NYTimes: A Muslim Lawyer Refuses to Choose Between a Career and a Head Scarf

Just last week, the U.S. Supreme Court ruled in favor of a hijabi job applicant in a case against Abercrombie & Fitch. The case is one in a line of cases where women in hijab deal with workplace discrimination – one of many problems facing American Muslims in the aftermath of 9/11. In fact, a 2013 study conducted by the University of Hawaii-Manoa found that all aspects of the hiring process, from callbacks to interaction time with potential employers, were hurt by wearing a hijab.


According to the study:

The findings revealed that wearing a hijab had a negative impact in all aspects of the hiring process compared to Muslim women who did not wear a hijab. The field experiment tracked several areas of the hiring process, including the permission to complete job applications, job availability, job call backs, interaction time, and perceived negativity and lack of interest by the employer.

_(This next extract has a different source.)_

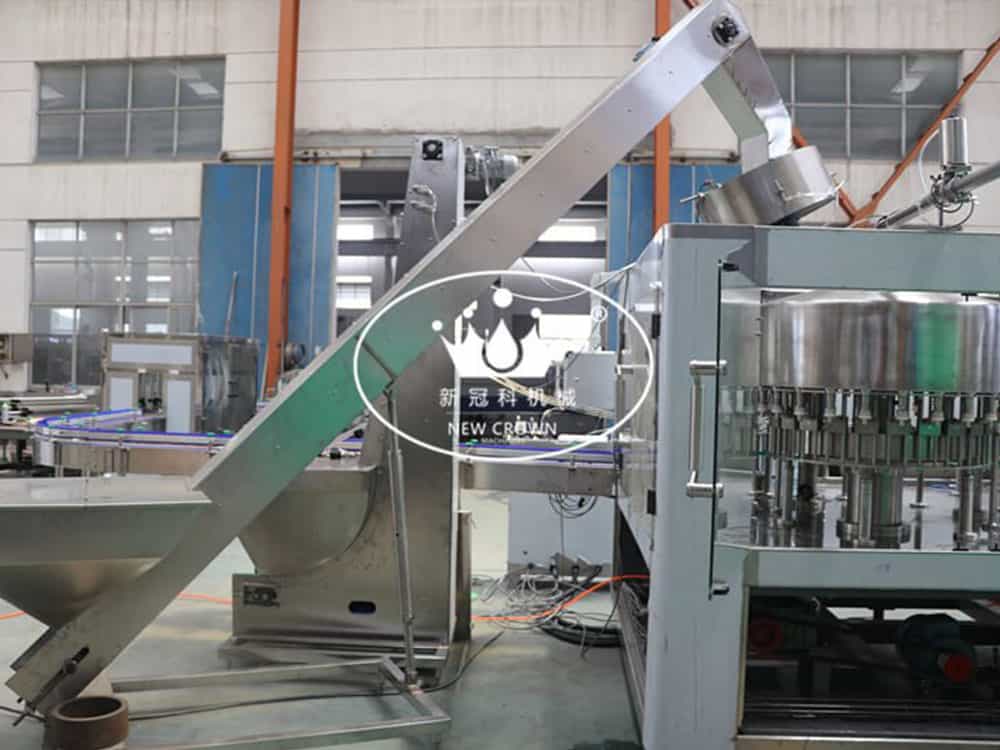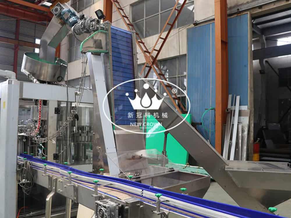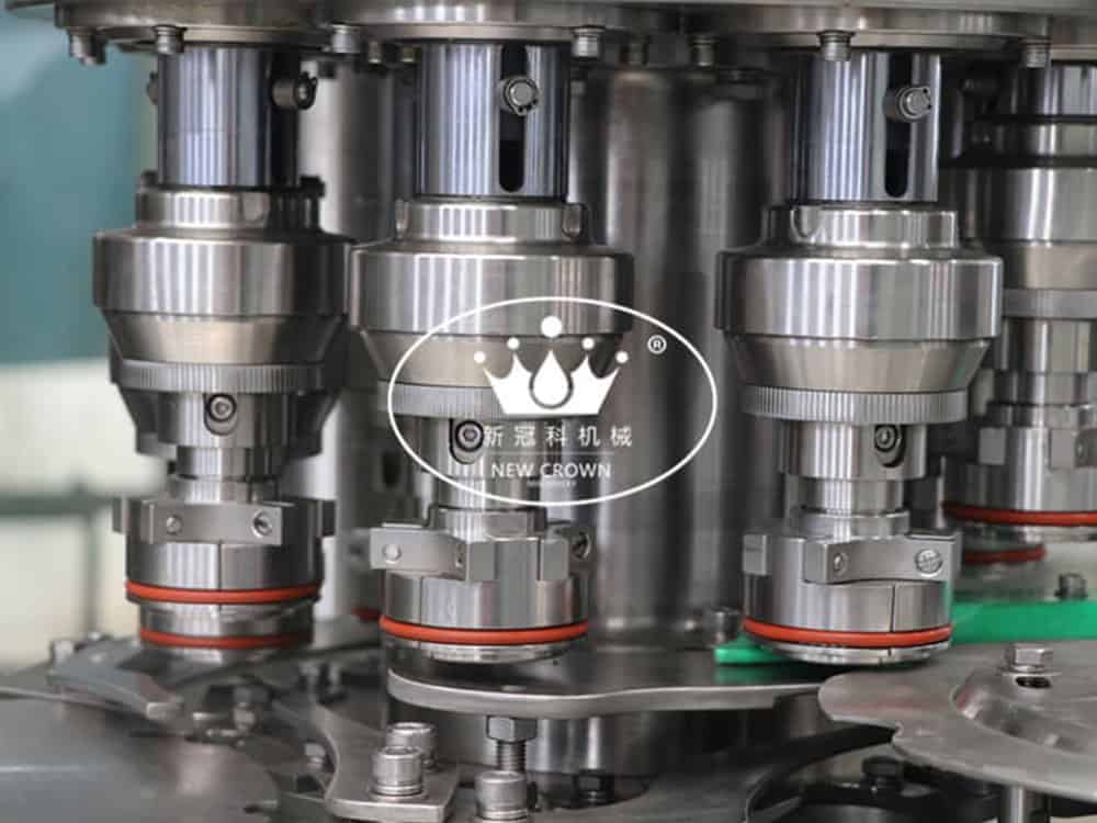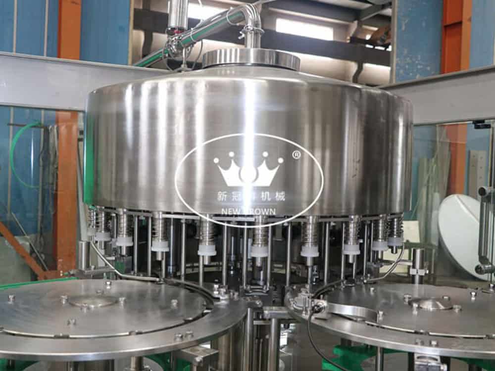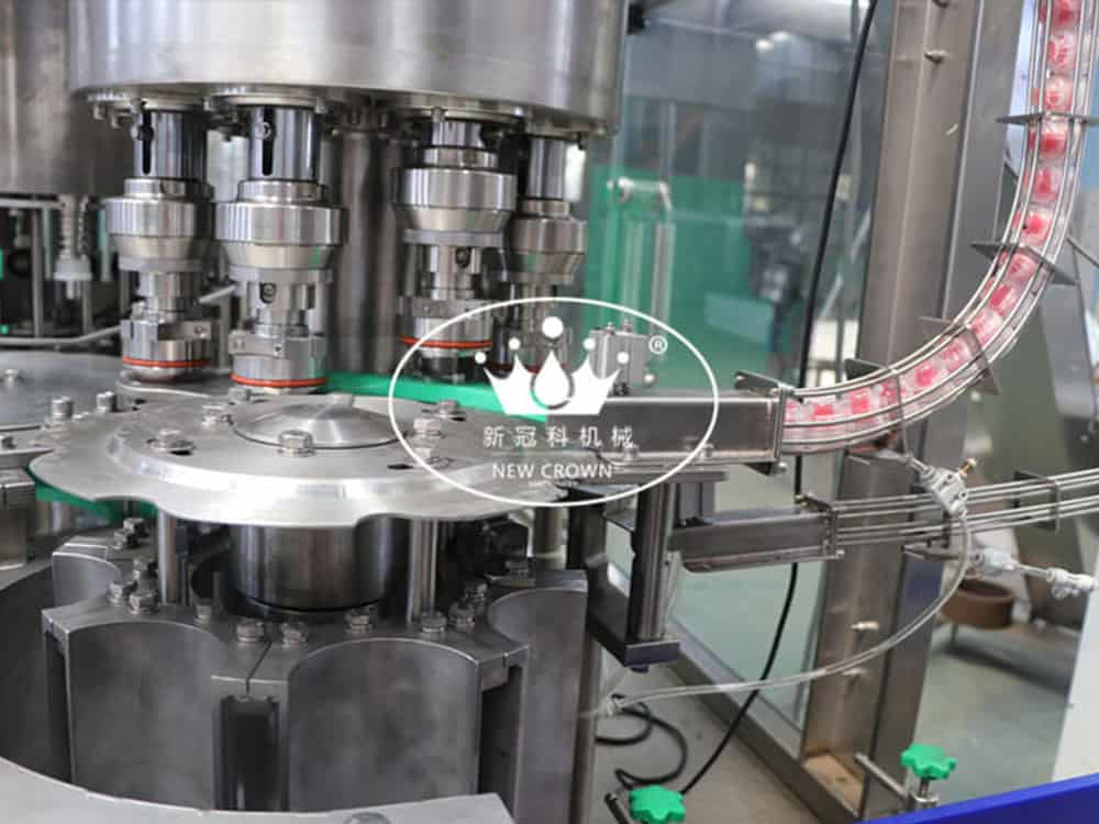 Monoblock means the filling machine integrates washing machine, filling machine and capping machine in one frame. The driving system will be transmitted step by step which makes the speed more stable.

And even after landing the job, Muslim women in hijab–or devout Muslims needing religious accommodations of any sort–are afraid to make those requests due to a fear of being seen as too demanding.

In a recent article, the New York Times discusses workplace discrimination for hijabi lawyers:

The apprehension usually hits the night before a job interview or a big court case, as Zahra Cheema, a young lawyer, looks at the colorful head scarves and flowing abayas in her closet and silently wonders: “Should I try to make myself look less Muslim?”

“That’s when I’m feeling the pressure,” said Ms. Cheema, who wears the hijab, a traditional scarf that covers her hair and neck, whenever she leaves home.

She ponders: Should she wear a long, American-style skirt or the more conservative, full-length abaya that she prefers? There are no easy answers for an observant Muslim woman navigating the workplace.

“Every time I walk into the room, the first thought is, ‘There’s a Muslim,’ ” said Ms. Cheema, 25, the American-born daughter of Pakistani immigrants, describing that moment when she meets with a potential employer or argues a case in court. “I worry that essentially the hijab will override all my other merits.”

It can be “very lonely,” said Ms. Cheema, describing her journey from law school to a law firm here. She grew up in a predominantly white town on Long Island, and her secular family initially frowned on her decision to wear the hijab, a step she took when she was a freshman in college.

“They were like, ‘Who’s going to hire you?’ ” she said, recalling her parents’ concerns and her determination to prove them wrong.